» The task:
The pictures must be left out, while the rest of the data is copied exactly.

» Stored data:

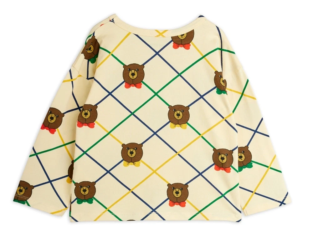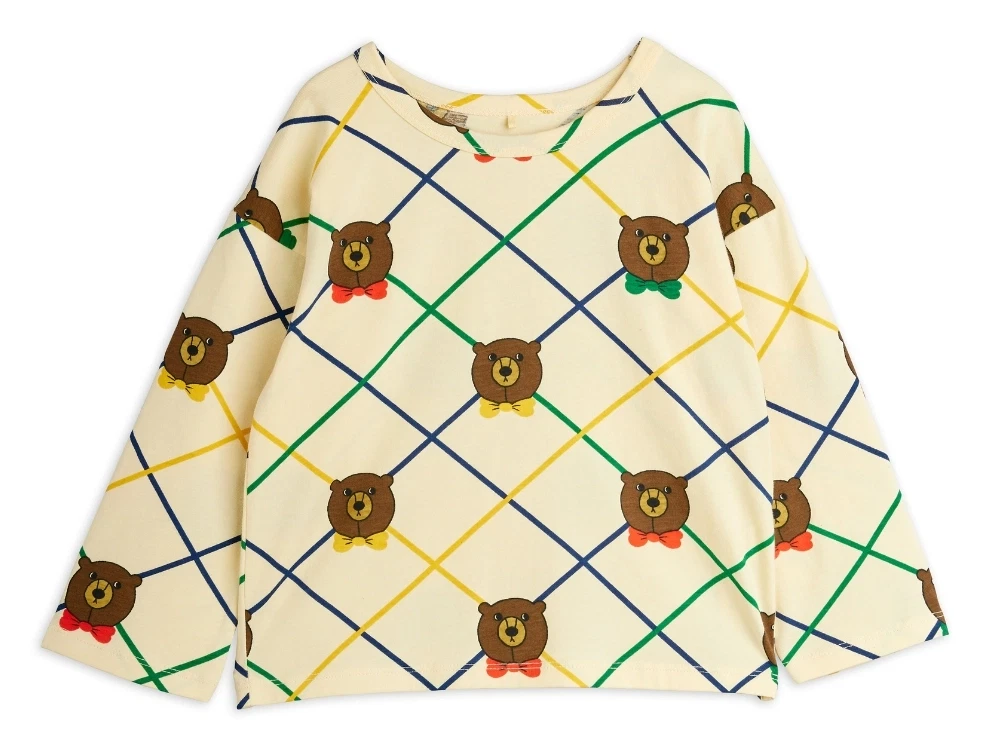 Langærmet T-shirt i råhvid fra Mini Rodini med ternemønster og bjørne med farvede sløjfer.
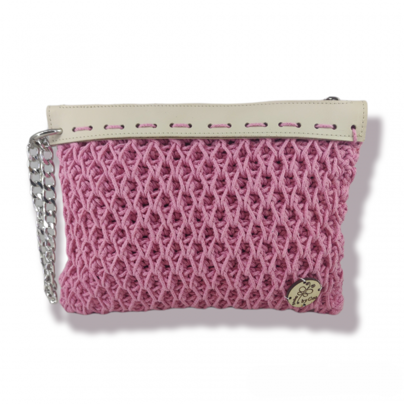 Ετικέτες: Χειροποίητη πλεκτή τσάντα ροζ χρώμα ασημένια μεταλλικά στοιχεία
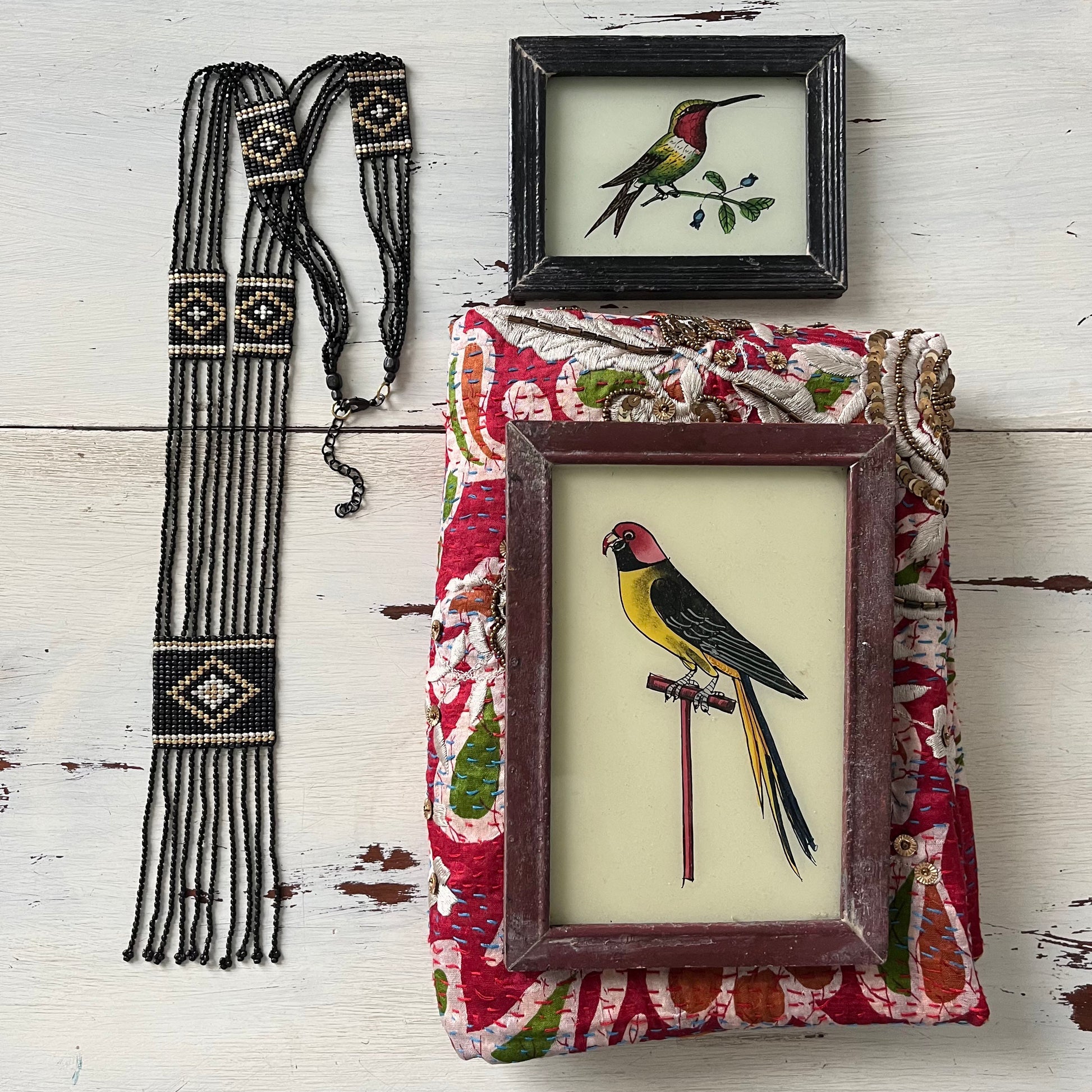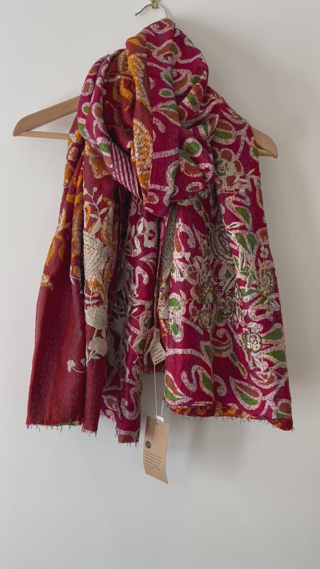 Hand sourced in Jaipur and Delhi, our bespoke kantha scarves are two pieces of vintage saris bonded together with a traditional kantha stitch. These accessories are crafted in the best prints and colours to create a truly unique piece, which is then embroidered with four panels of our signature cherry blossom embroidery. As these pieces are recycled, they may come with slight imperfections but that's all part of their beauty!

» Answer to the exercise:
 Langærmet T-shirt i råhvid fra Mini Rodini med ternemønster og bjørne med farvede sløjfer.
 Ετικέτες: Χειροποίητη πλεκτή τσάντα ροζ χρώμα ασημένια μεταλλικά στοιχεία
 Hand sourced in Jaipur and Delhi, our bespoke kantha scarves are two pieces of vintage saris bonded together with a traditional kantha stitch. These accessories are crafted in the best prints and colours to create a truly unique piece, which is then embroidered with four panels of our signature cherry blossom embroidery. As these pieces are recycled, they may come with slight imperfections but that's all part of their beauty!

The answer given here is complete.